§ **Brief**: Would you restate, word for word, only the lines starting at the one with "Wohnung zum Verkauf" and ending with the final line of the entries below? Pictures stay out.

§ **Dataset**:
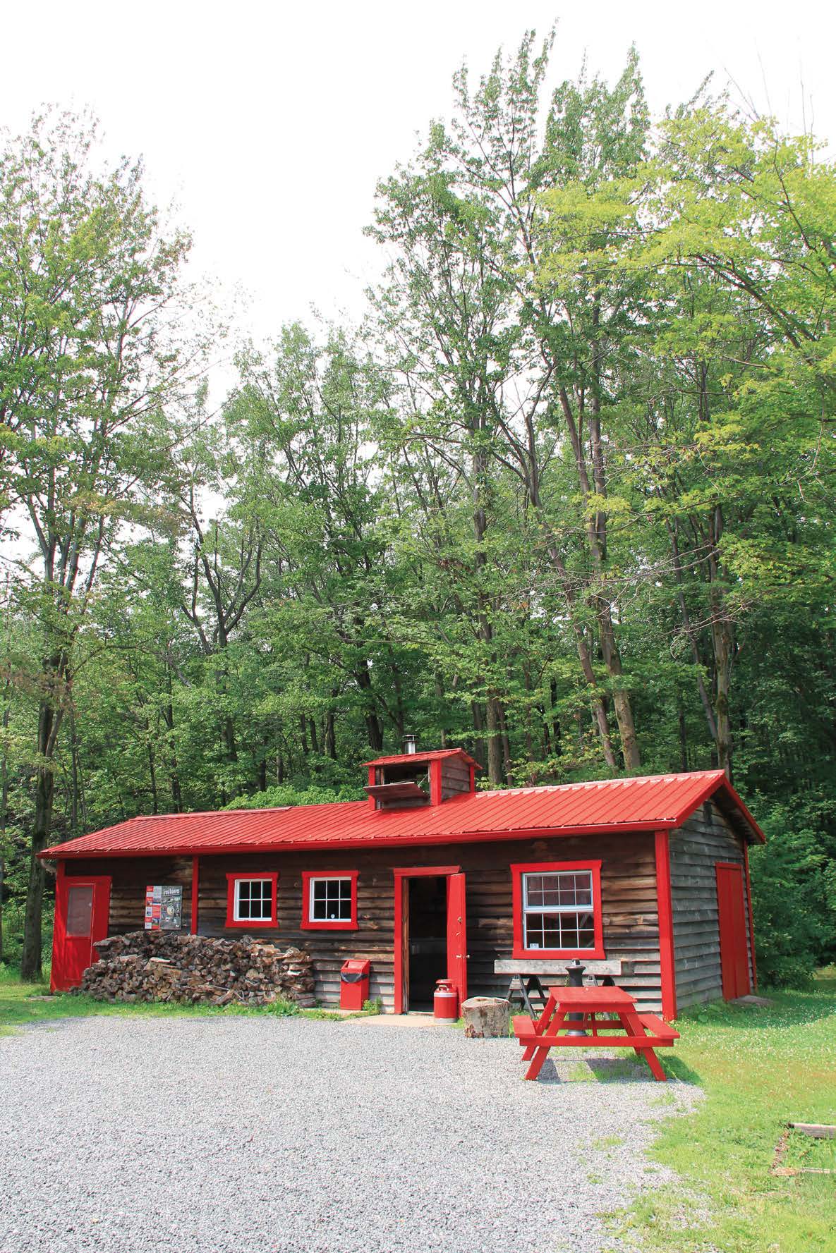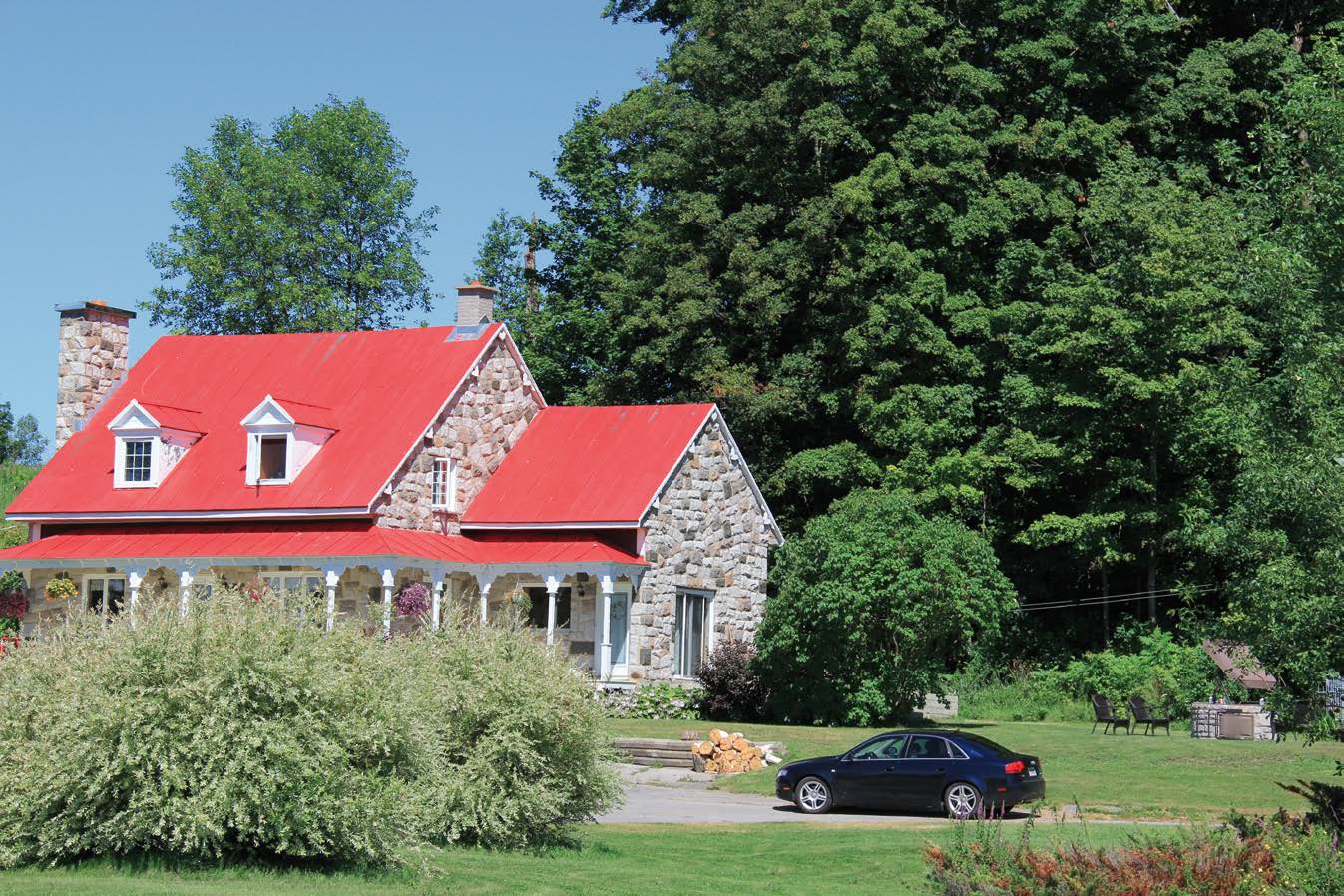 L’une des maisons à toits rouges de l’île d’Orléans. En dessous, la cabane à sucre « Chez Dany » tout près de Trois Rivières.
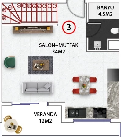 Wohnung zum Verkauf in Alanya. Fläche m²: 102, Zimmer: 2+1 duplex, Preis: 160 000 Euro. (ID 488)
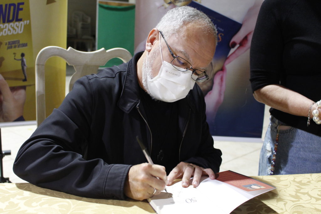 After Holy Mass, the missionary went to the Community Center where he met with everyone individually, dedicating his books and taking photos with all who passed by. Father Luís also recorded material for the Father Eustáquio Store, highlighting his works.
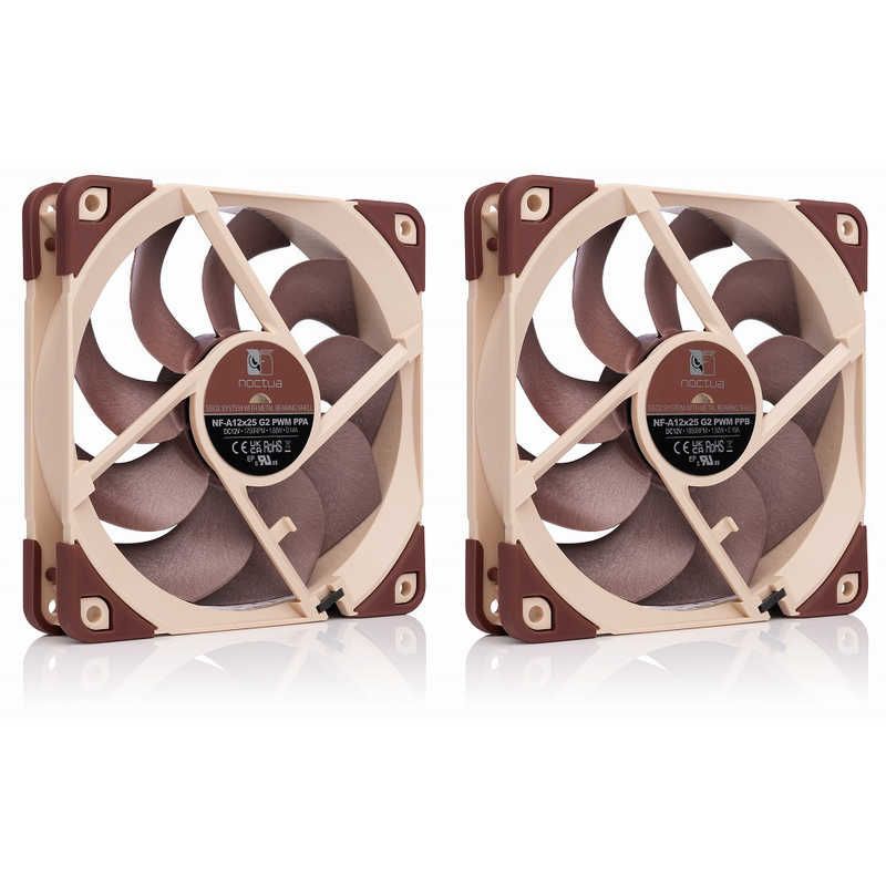 NF-A12x25 G2 PWM Sx2-PPは、速度がオフセットされた2台のNF-A12x25 G2 PWM 120mmファンのセットです。
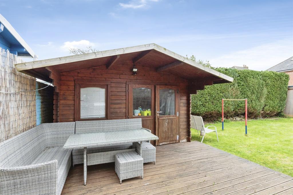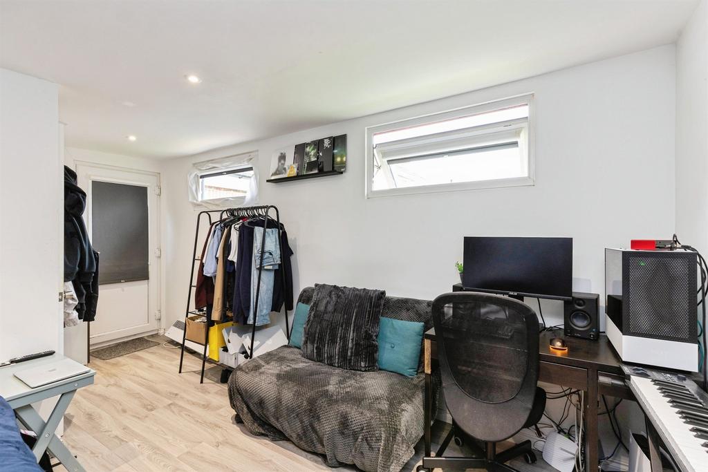 The property further benefits from a large, sunny rear garden, ideal for children, entertaining and outdoor dining. The former garage has been converted under permitted development to create a superb studio space, perfect as a home office, guest room, gym or creative workspace.

§ **Result of the task**:
 Wohnung zum Verkauf in Alanya. Fläche m²: 102, Zimmer: 2+1 duplex, Preis: 160 000 Euro. (ID 488)
 After Holy Mass, the missionary went to the Community Center where he met with everyone individually, dedicating his books and taking photos with all who passed by. Father Luís also recorded material for the Father Eustáquio Store, highlighting his works.
 NF-A12x25 G2 PWM Sx2-PPは、速度がオフセットされた2台のNF-A12x25 G2 PWM 120mmファンのセットです。
 The property further benefits from a large, sunny rear garden, ideal for children, entertaining and outdoor dining. The former garage has been converted under permitted development to create a superb studio space, perfect as a home office, guest room, gym or creative workspace.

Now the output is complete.